Внизу проблеснула и замельтешила трассирующими залпами посадочная разметка. Вдоль полосы рушилась колонна пожарных машины. Остервенело озирались мигалки.

Я успел подумать, что все еще обойдется.

Потом раздался оглушительный скрежет. Тех, кто застрял в проходе, швырнуло вперед - в пролом перегородки. Самолет, качнувшись, грузно осел, крыло от удара обломилось, и в иллюминаторе было видно, что фюзеляж заносит.

Из-под него вырвался веером сноп искр.

В воздух взлетели обломки.

Скрежет сорвался на визг и торможением сошел на три октавы вниз.

Внезапно наступила тишина. Кто-то, протяжно задыхаясь, стонал.

Через некоторое время началась аварийная выгрузка. Мы с Ирадой, обнявшись, по надувному трапу съехали в объятия человека в брезентовом комбинезоне и шлеме, как у пчеловода. У него было испуганное мужественное лицо.
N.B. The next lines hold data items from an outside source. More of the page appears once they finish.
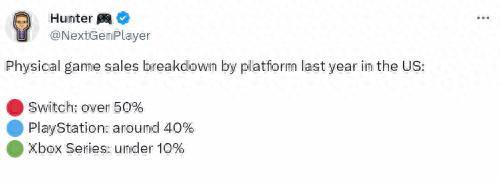 机构Circana分析师Mat Piscatella指出,2023年美国地区,任天堂平台实体游戏销量市场占比超过了50%,PS平台占比约40%,而Xbox实体销量甚至不足10%。总体而言,Xbox的受众似乎更倾向于数字版游戏,XGP也是影响实体销量的原因之一。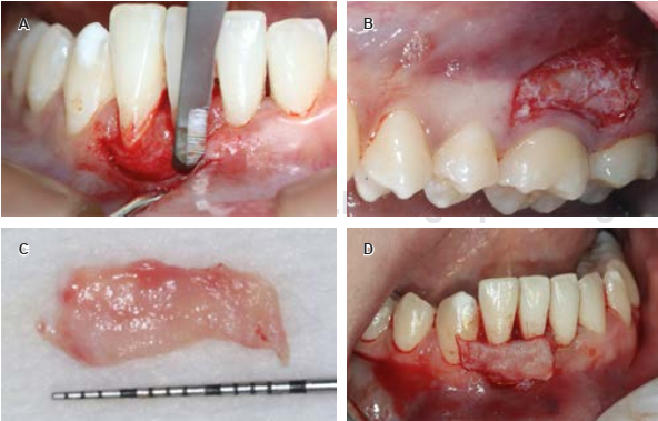Figure 2 A) Incision at the recipient site. A partial thickness flap was designed with a a «Hu-Friedy MB64» micro scalpel in order to create a vascular bed. B) Donor site, located on the buccal aspect of tooth 1.6 after extraction of the partially thick tissue for graftingthrough a rectangular-shaped incision, chosen for this purpose. The integrity of the gingival margin was preserved; C) The graft was de-epithelialized after extraction, measuring 14 × 5 × 1 mm. D) Minimally invasive free gingival graft placed on the recipient site.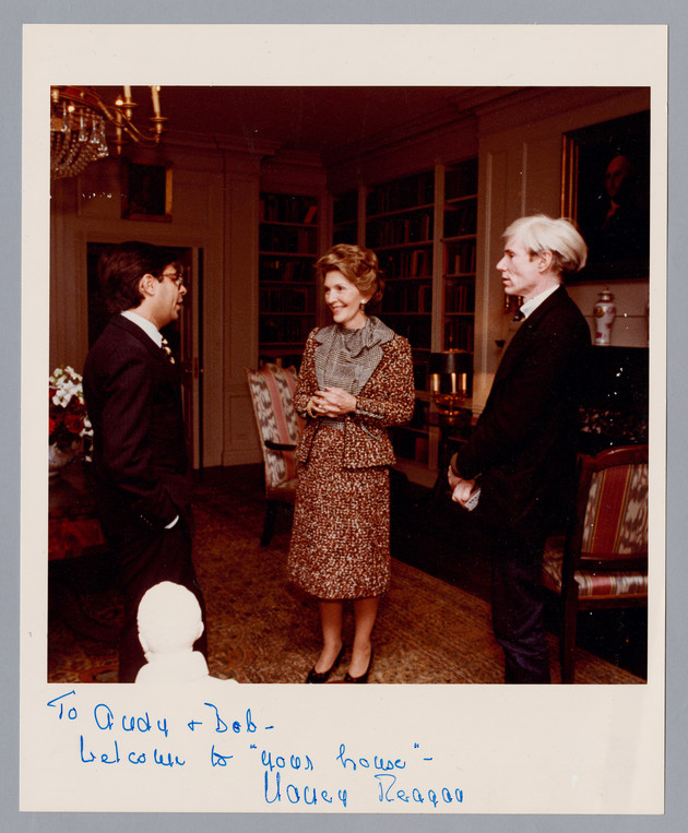 Warhol’s relationship with the Reagans was particularly complex. In 1980, Warhol would have certainly preferred either Ted Kennedy or Jimmy Carter as president over Ronald Reagan. According to Warhol’s assistant Bob Colacello, he turned down two commissions to paint portraits of Reagan in the months leading up to the election.15 However, after Reagan’s electoral victory, Warhol quickly started to warm up to the Reagans. A feature story about Ronald Reagan’s children, Patty Davis and Ron Jr, appeared in the November 1980 issue of Interview, and Warhol attended Reagan’s inauguration in January of 1981.16 Warhol befriended Ron Jr and his wife Doria, attending ballet performances and dinner parties together on a frequent basis in the early days of the Reagan administration. By March of 1981, Colacello had hired Doria Reagan to be his secretary, so there was a Reagan actually working in Warhol’s Factory for a couple of years.17 All of these connections led to Warhol and Colacello returning to the White House to interview Nancy Reagan, who graced the cover of Interview’s December 1981 issue.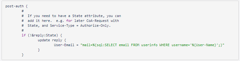 In addition to the above change, you should also modify /etc/raddb/sites-enabled/default. It is possible only after obtaining administrative privileges (sudo command). This change concerns additionally returning the email address to the RADIUS server after successful authentication. By default, the server returns only the User-Name field, which is not sufficient in the CORE context.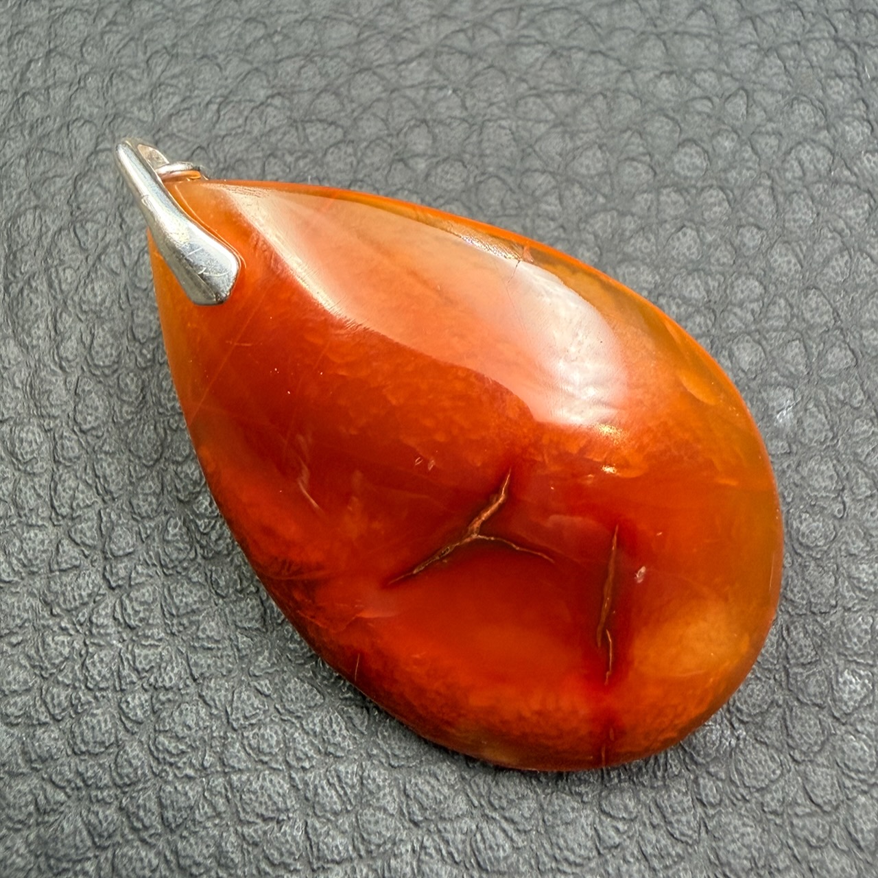 Taille de la pierre ornant le pendentif en cornaline hors bélière 3,6 cm sur 2,5 cm sur 0,7 cm.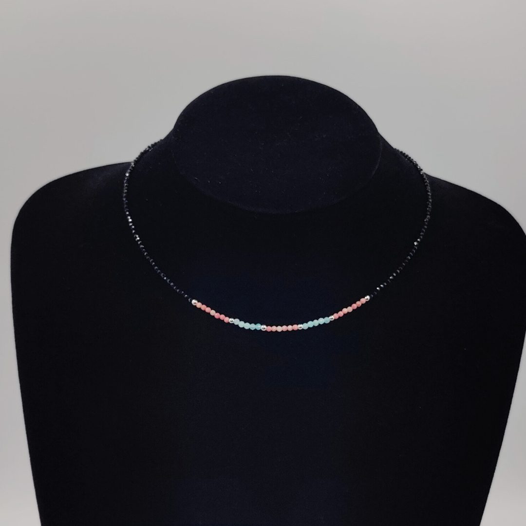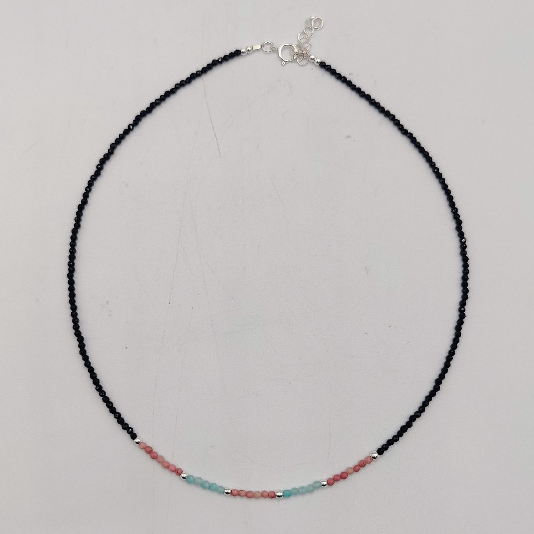 Este impresionante collar de plata 925 está recubierto con una selección de piedras preciosas que añaden un brillo y color excepcionales.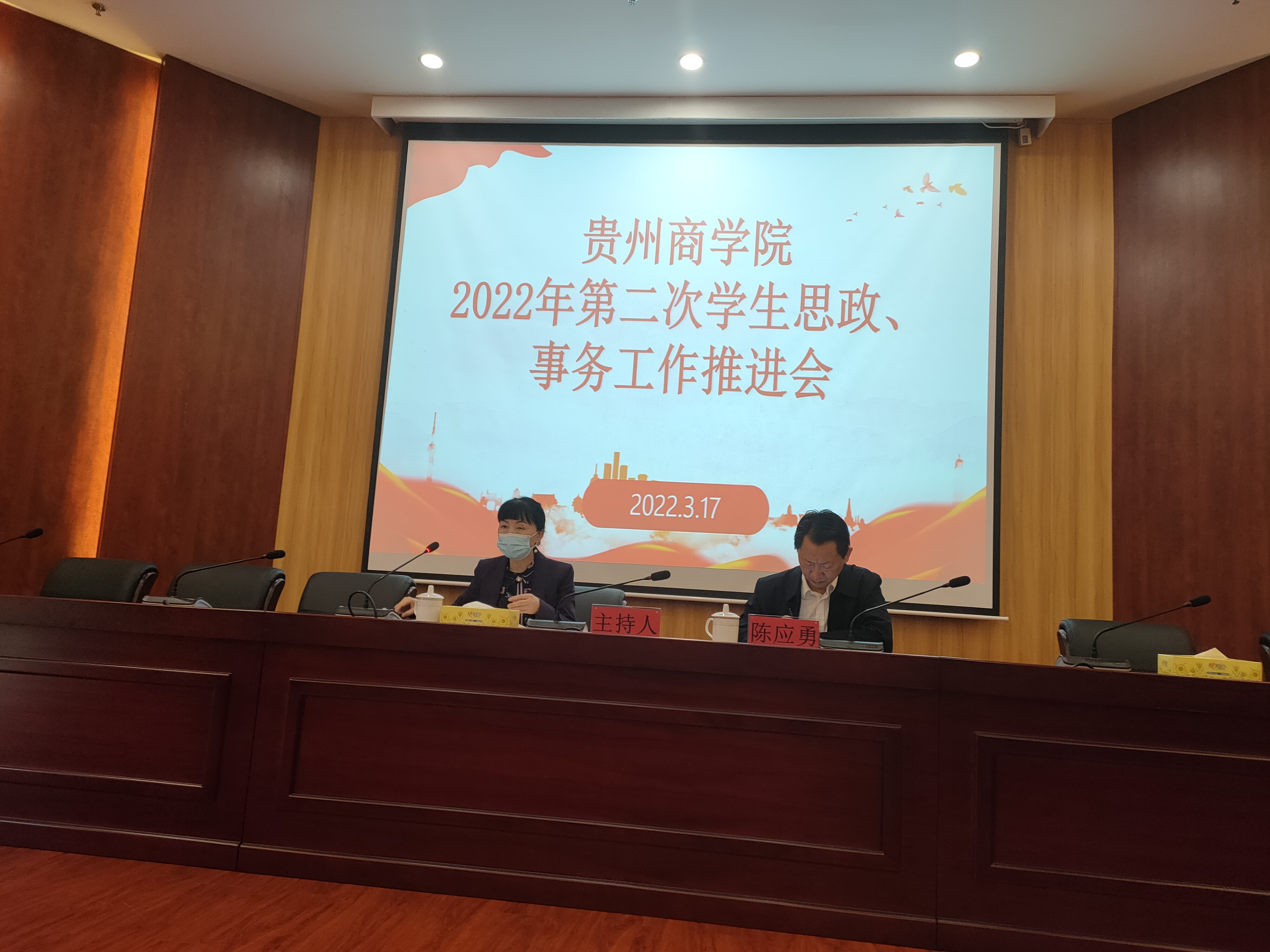 3月17日上午9:00,学校2022年第二次学生思政、事务工作推进会在湖滨会议中心第三会议室召开。校党委副书记陈应勇出席会议,各教学院部党总支副书记,保卫处、后勤处、学生处(招就处)负责人及相关工作人员参会。

Нас отвезли в здание аэропорта. Там выяснилось, что при отрыве от земли у нашего самолета заклинило шасси. (Вот почему - из-за нарушенной аэродинамики - нас так сильно трясло при наборе высоты.) Попытки устранить неисправность ни к чему не привели. По уставу в таких случаях экипаж не имеет права удаляться от места взлета. Садиться с полным баком означало - садиться на взрыв. Решено было, не удаляясь слишком от аэропорта, двинуться в сторону моря и летать по кругу, пока не кончится горючее. В случае чего - садиться в волны. Попутно выяснилось, что среди пассажиров находится военный летчик - истребитель, - возвращавшийся из отпуска в свою подмосковную часть. Полковник и ас, в чьем активе находились самые сложные фигуры высшего пилотажа, он тайно предложил свои услуги экипажу. Сделали запрос. Какое-то время ушло на идентификацию личности полковника и переговоры с ЦДС. Наконец дали добро. В результате все обошлось. Хотя самолет садился почти на брюхо.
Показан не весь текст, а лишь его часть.